The lines below from the one with "对于哥特类型的影视作品,大家" up to and including the one with "Letter to C-SPAN, 1994-04-23; 92665" are what you should set down, exactly and without pictures.

----

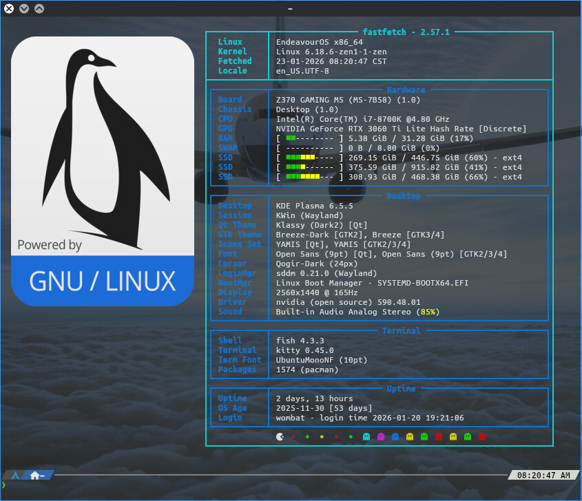 Wiped all my drives, and have gone with a single OS: Endeavour ![]()
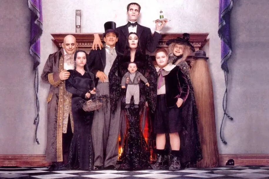 对于哥特类型的影视作品,大家最印象深刻的无疑就是《亚当斯一家》。哥特式家族的阴郁神秘,不止表现在不见白昼的氛围感、暗黑的古堡和代表着死亡的墓地,更多的印象则是来自于他们的穿着妆容,甚至引起一轮轮的哥特风时尚热潮。
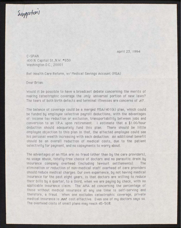 Letter to C-SPAN, 1994-04-23; 92665
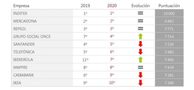 Un año más, y ya van nueve, Inditex (1º) se sitúa a la cabeza de las empresas más reputadas de nuestro país en el ranking Merco Empresas, seguida de Mercadona (2º) y Repsol (3º), que mantienen las mismas posiciones que en 2019. El top 10 lo completan Grupo Social Once (4º), Santander (5º), Telefónica (6º), Iberdrola -que pasa del 11º al 7º-, Mapfre (8º), CaixaBank (9º) e Ikea (10º).
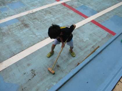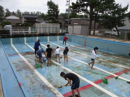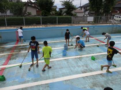 今日の4限にプール清掃を行いました。6年生は、デッキブラシを使ってプールの底を磨きました。子供たちは、汚れを見付けると一生懸命こすっていました。子供たちのがんばりで、ピカピカのプールになりました。

----

## ANSWER TO THE PROBLEM
 对于哥特类型的影视作品,大家最印象深刻的无疑就是《亚当斯一家》。哥特式家族的阴郁神秘,不止表现在不见白昼的氛围感、暗黑的古堡和代表着死亡的墓地,更多的印象则是来自于他们的穿着妆容,甚至引起一轮轮的哥特风时尚热潮。
 Letter to C-SPAN, 1994-04-23; 92665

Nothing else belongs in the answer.